In a reply sent to Churchill last year, Renov revealed that he became aware of the allegations during the festival when the unnamed woman told colleagues that Fayyad had made sexual overtures toward her and she felt threatened. Renov said 2017 was the height of the #MeToo movement and, at the time, no one questioned the allegations that the woman made. He admitted that he did not know exactly what happened between Fayyad and the EIDF employee, and expressed regret that the matter was not properly investigated. Instead, he confessed that the festival rushed to judgment. Renov confirmed the veracity of his email to Deadline.
Reflecting on the incident, Fayyad said: “I don’t know about the case in Korea, because I still don’t know what it is about.

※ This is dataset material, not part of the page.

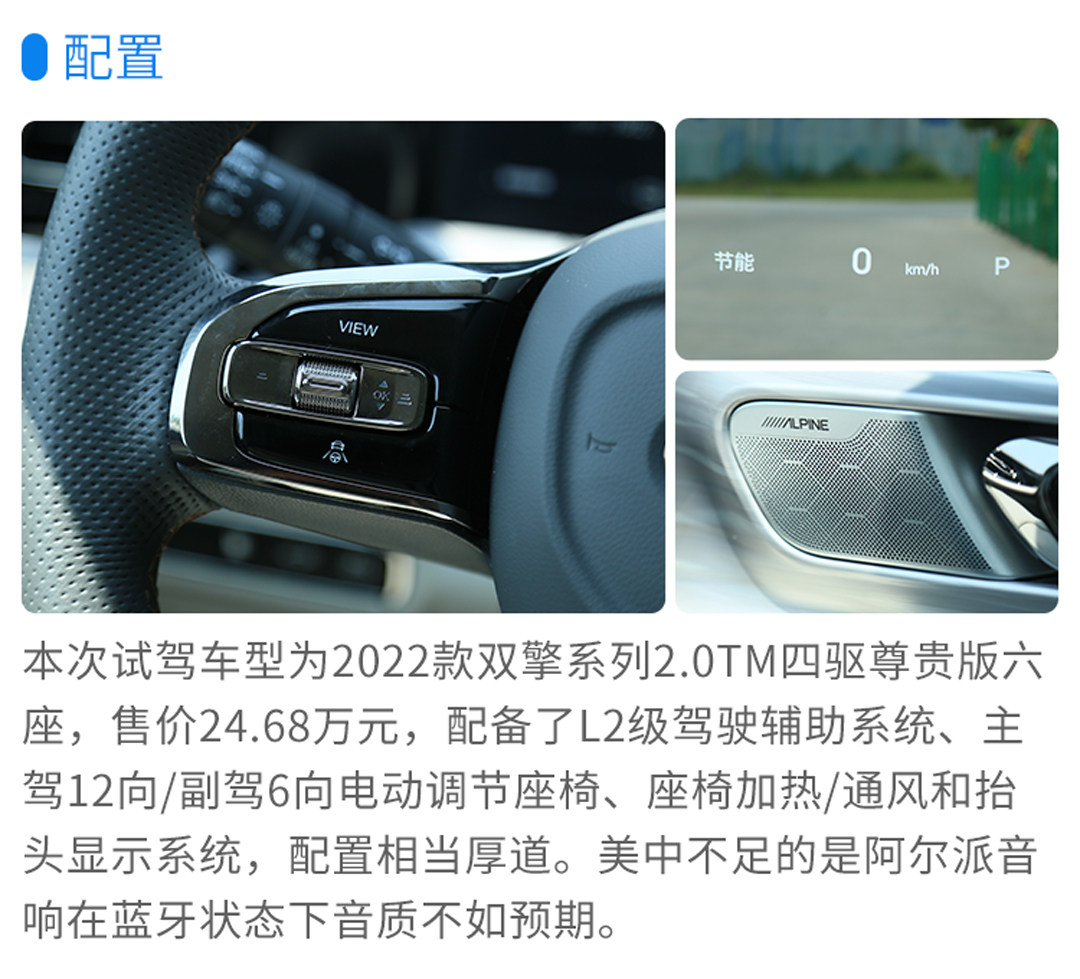 硬要在鸡蛋里挑骨头的话,我觉得顶配的阿尔派10喇叭音响算是一个,虽然是名牌音响,但蓝牙状态下浑浊的音质确实对不起它的标牌。建议广汽传祺有条件的话还是升级一个更好的蓝牙音频解码器,要不然这么好的阿尔派音响就浪费了。

Maybe it’s lost in translation? I honestly don’t know. If only someone could tell me what I did, then I could defend myself.” In her email to Renov, Churchill said the events had caused Fayyad mental anguish and likely cost Last Men In Aleppo Oscar votes.
Asked if he feels it is fair that he has been drawn into the #MeToo debate, Fayyad told Deadline: “No. I believe women should be respected and I recently made a film featuring a remarkable female doctor who managed a Syrian hospital under attack while looking after her besieged patients and deflecting the misogyny all around her. I am the son of a strong Kurdish woman who raised me along with my seven sisters who are all struggling for their rights in Syria. Nothing is farther from my character than to cause worry and sorrow among women – it never has and never will be my intention.”
For Moth, going public with her allegations was also about speaking up for others. “My story is not unique and it is not only a story about sexual harassment. It is a story about the power structures within the industry, that still allows sexism, harassment, and bullying to happen,” she said. “These are power structures that both men and women are a part of creating and upholding. My hope is that, with my story, I can help shed a light on these dynamics and hopefully send a message to other men and women experiencing the same thing I did, that they are not alone.”